Defined Contribution Pension Plans: Determinants of Participation and Contributions Rates

Abstract

Records of 793,794 employees eligible to participate in 647 defined contribution pension plans are studied. About 71% of them choose to participate in the plans, and of the participants, 12% choose to contribute the maximum allowed, $10,500. The main findings are (other things equal) (1) participation rates, contributions and (most remarkably) savings rates increase with compensation; on average, a $10,000 increase in compensation is associated with a 3.7% higher participation probability and $900 higher contribution; (2) women’s participation probability is 6.5% higher than men’s and they contribute almost $500 more than men; (3) participation probabilities are similar for employees covered and not covered by DB plans, but those covered by DB plans contribute more to the DC plans; (4) the availability of a match by the employer increases employees’ participation and contributions; the effect is strongest for low-income employees; (v) participation rates, especially among low-income employees, are higher when company stock is an investable fund.

Appendix

Data Construction

The original data set provided by the Vanguard consists of 926,104 records of 401(k) eligible employees.

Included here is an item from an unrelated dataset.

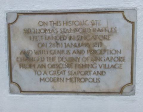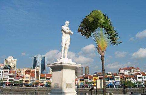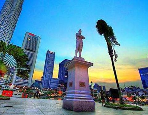 莱佛士登岸遗址。码头上矗立着莱佛士爵士铜像,铜像是为纪念莱佛士爵士这位新加坡的开埠者而立。莱佛士爵士将新加坡称为“我的小孩”,而新加坡人则尊称他为“国父”。
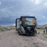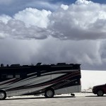 The next day, we arrived at Gallup, NM, for a specific reason. There was a Blue Beacon Truck Wash there, a business that had been recommended to us. It was always hard to find a car or truck wash tall enough for WOW – 13 feet high – and we wanted to wash and wax it before getting home to the AZ heat. Last year, we found that getting it cleaned inside and out and arriving home with only a bathroom and carpet to clean was wonderful, so we wanted to do it again. Nicely, the campground was only 2 miles from Blue Beacon. We gave ourselves 2 days to complete the job, and we did just that. The weather was perfect, with overcast skies helping to keep the temperature down at almost 6500 feet. It looked great, and it was rewarding.

The following criteria cause elimination of observations: (1) The employee is hired after January 1, 2001. (His recorded annual contribution might be inaccurate.) (2) The employee is less than 18 years old (He might not be the decision maker.) (3) The employee’s annual compensation is less than $10,000 or greater than $1 million. 793,794 records survive.

The key variables deferral rate, contribution, and compensation appear in all the records. All other individual variables have missing values that are more concentrated in the non-participant sub-sample. 12.8% of the observations do not report gender, among which 62.5% are non-participants; the same percentages for age, tenure and wealth are 12.3% (62.2), 12.2 (62.1%) and 25.6% (76.4). Elimination of all the observations with missing values would cause the study to be based on a partially truncated sample, which is likely to bias the results due to the influence of the selection. Hence the choice to replace them with imputed values.

The imputed values are calculated as follows: (1) unidentified gender variables are recorded as the percentage of females in the plan (a record identified as a female being 1 and as a male being 0); (2) missing age and tenure values are replaced with their respective plan mean age or tenure. To fill in the missing values of wealth, the following regression is estimated on non-missing values:

$${\text{Log}}{\left( {{\text{WEALTH}}} \right)} = \beta _{0} + \beta _{1} {\text{Log}}{\left( {{\text{COMP}}} \right)} + \beta _{2} {\text{FEMALE}} + \beta _{3} {\text{AGE + }}\beta _{{\text{4}}} {\text{AGE}}^{2} {\kern 1pt} + \beta _{5} {\text{Log}}{\left( {{\text{DCASSETS}}} \right)} + \varepsilon ,{\kern 1pt} {\kern 1pt} {\kern 1pt} {\kern 1pt} {\kern 1pt} $$

where DCASSETS is the total assets in the defined-contribution accounts. The specification above was chosen among various models for both within-sample goodness-of-fit and out-of-sample robustness. The next step is to predict out-of-sample values and map the predicted values to the closest IXI brackets.

With the exception of the wealth level, IXI, missing values do not account for a significant proportion (about 10%) of observations, and the symmetric trimming method (Honore et al. 1997) is applied to conduct sensitivity check. That is, for each variable create an artificial sample by first taking only records that report that variable (but may miss other variables). The second step eliminates a given number of participants’ records at random, so that the participation rate in the subsample matches that of the original sample. (This second step eliminates records of participants, since systematically it is the non-participants whose records are likely to miss values.) Then estimate coefficients for the resulting sub-sample. Repeating this process many times (e.g., 30 or 50), the coefficients estimated on the full sample (with missing values imputed) are close to the average of coefficients estimated on those symmetrically trimmed sub-samples.

For the wealth variable the same sensitivity check cannot be used because only a low proportion of non-participant records have this information. Instead, the comparison is between the inputted wealth variables and the general distribution of wealth in the population. The following figure plots the histogram of wealth distribution for the population (IXI), of the non-missing Vanguard data, and the amended Vanguard data. After filling in the missing values, the sample studied here no long over-represents the wealthy households. The sample still under-represents the very poor households (those with negative or less than $1,000 in balance), and over-represent the lower-middle to middle households (with balances ranging from $5,000 to $100,000), which is consistent with evidences from the Survey of Consumer Finance and the Current Population Survey that 401(k) eligible employees are overall financially better-off than the general population in the lower end.

Further, estimating the main regressions excluding the wealth variable, the coefficients on all variables except compensation show little variation. (The loading on compensation is increased, which is expected.)